## Aim of the exercise:
Copy the listing as it is written, and leave each picture out.

## Dataset section:
⁂
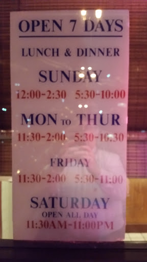 | Working: | 11:30AM–2PM 11:30AM–2PM 11:30AM–2PM 11:30AM–2PM 11:30AM–2PM 11:30AM–11PM 12–2:30PM |
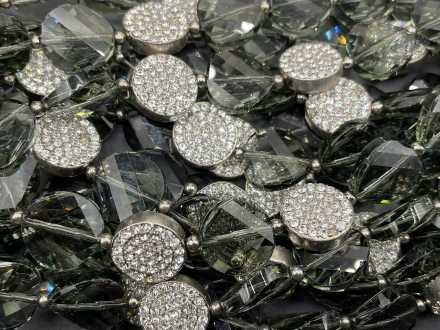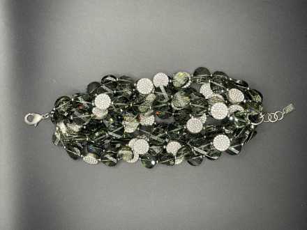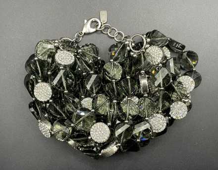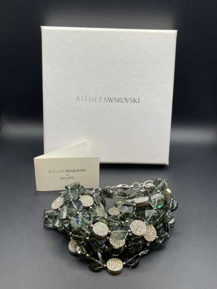 Dieses Armband aus der Atelier Swarovski Kollektion von Iris Apfel besteht aus mehreren Strängen mit funkelnden Kristallen in dunklen Tönen, kombiniert mit runden, glitzernden Elementen. Ein auffälliges Accessoire, das jedes Outfit aufwertet.
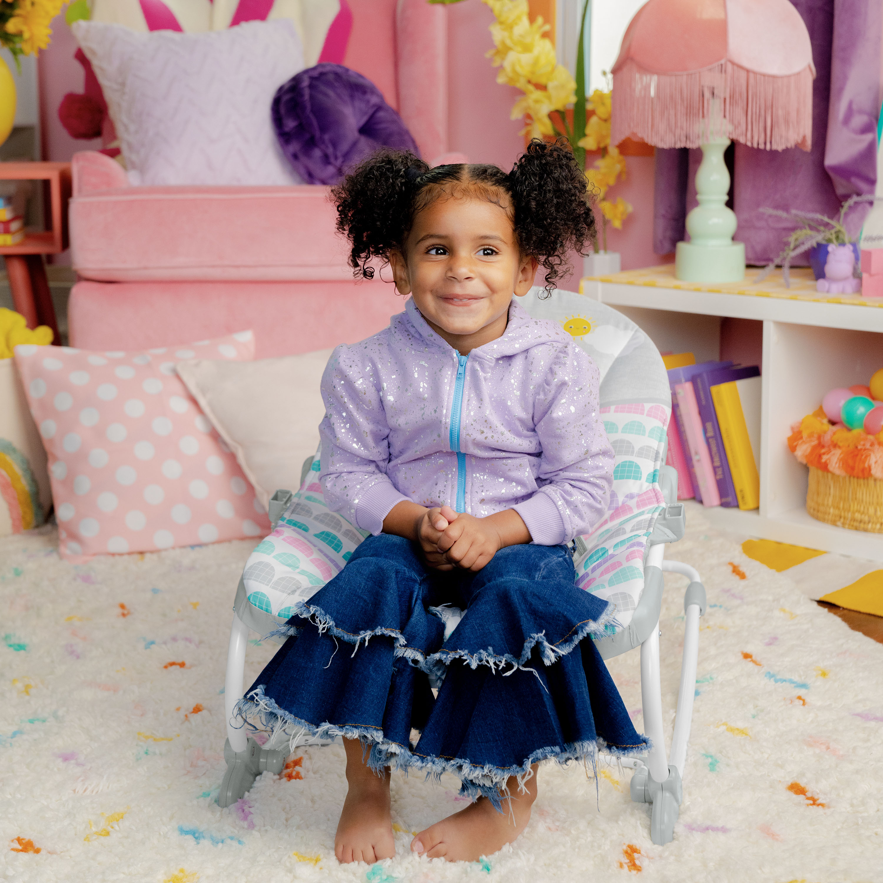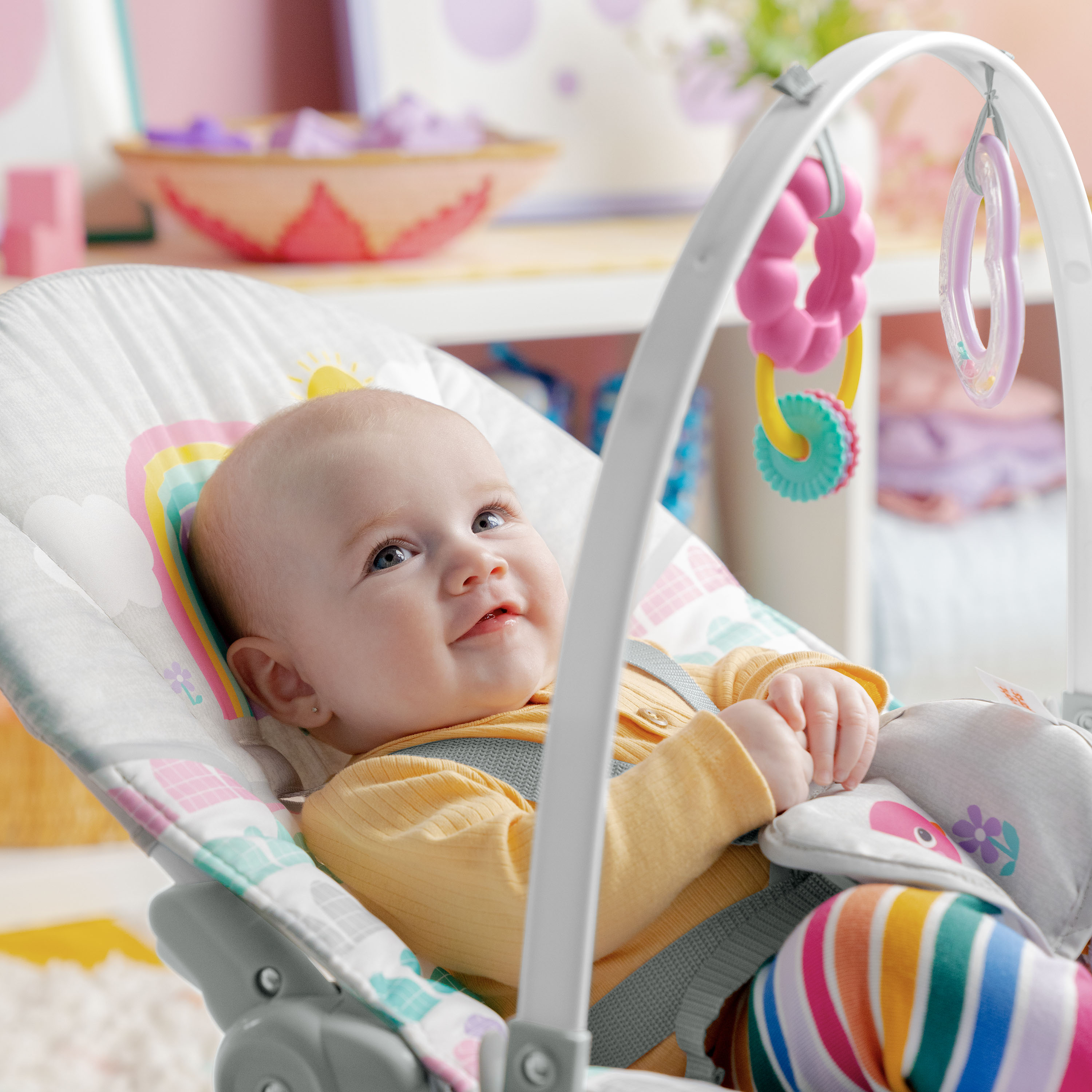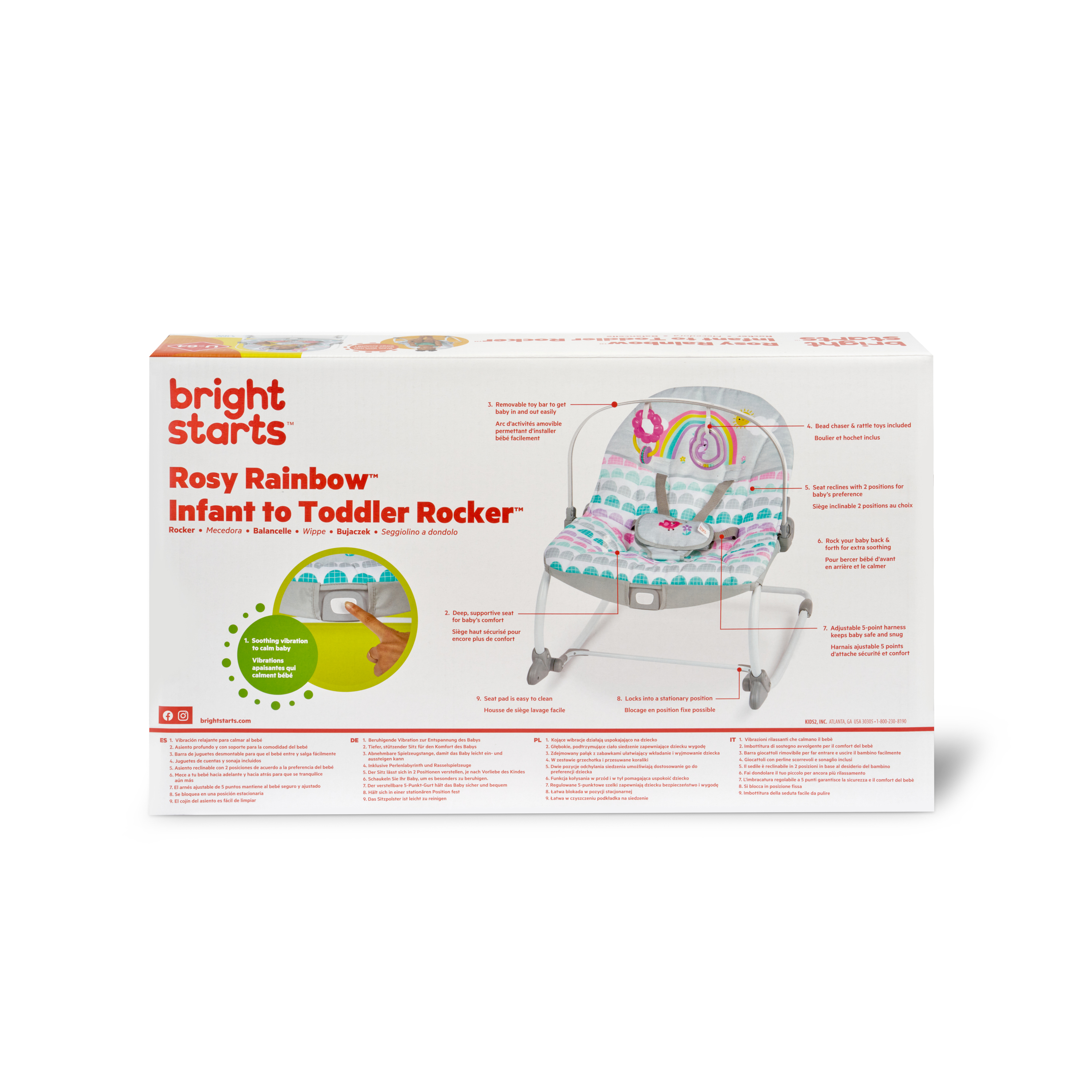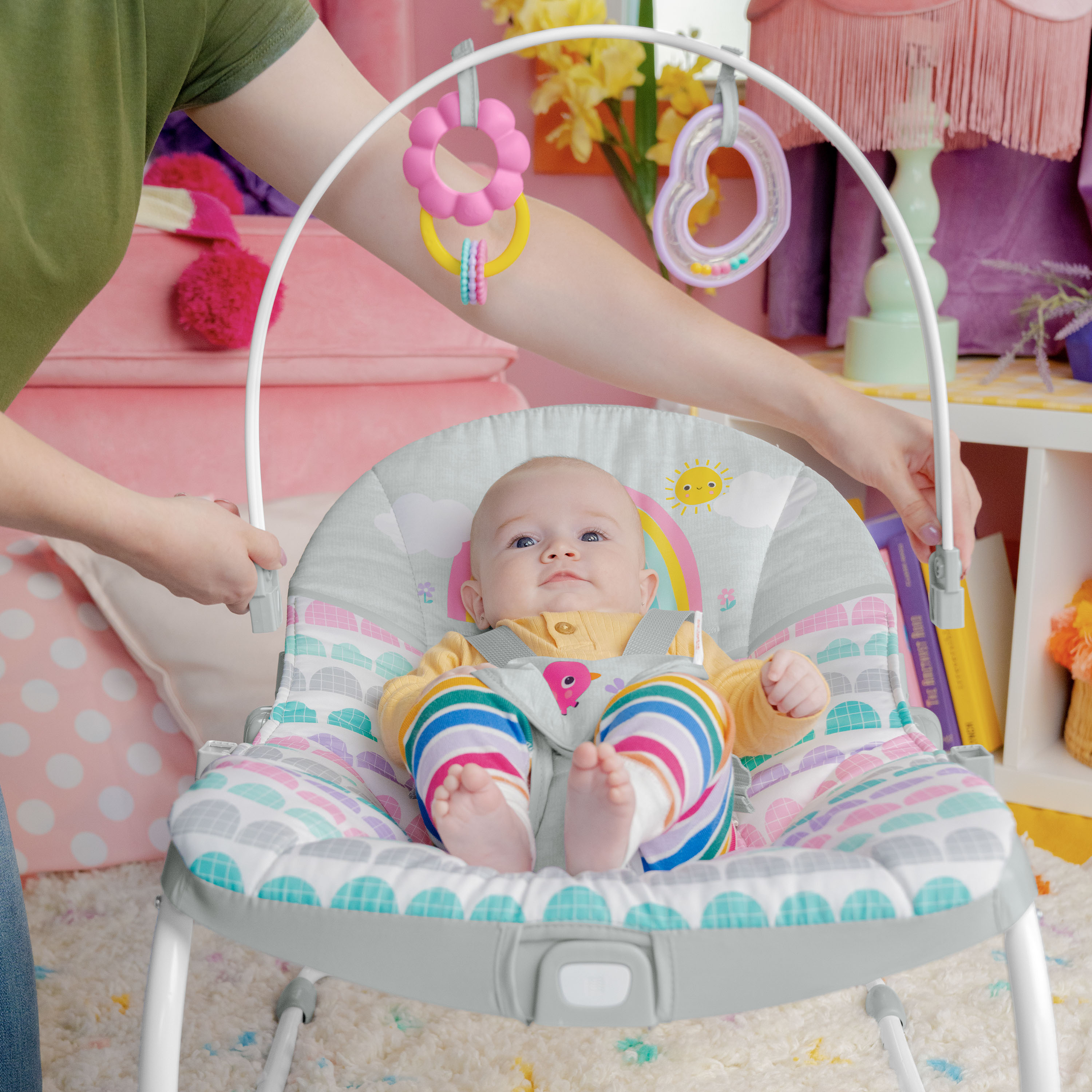 - ¡Años de diversión gracias a este polivalente asiento! La hamaca Rosy Rainbow de Bright Starts se transforma en asiento fijo y crece junto a tu bebé hasta que alcanza los 18 kg. Su soporte delantero permite transformarla de hamaca en asiento fijo
⁂
## Expected output:
 | Working: | 11:30AM–2PM 11:30AM–2PM 11:30AM–2PM 11:30AM–2PM 11:30AM–2PM 11:30AM–11PM 12–2:30PM |
 Dieses Armband aus der Atelier Swarovski Kollektion von Iris Apfel besteht aus mehreren Strängen mit funkelnden Kristallen in dunklen Tönen, kombiniert mit runden, glitzernden Elementen. Ein auffälliges Accessoire, das jedes Outfit aufwertet.
 - ¡Años de diversión gracias a este polivalente asiento! La hamaca Rosy Rainbow de Bright Starts se transforma en asiento fijo y crece junto a tu bebé hasta que alcanza los 18 kg. Su soporte delantero permite transformarla de hamaca en asiento fijo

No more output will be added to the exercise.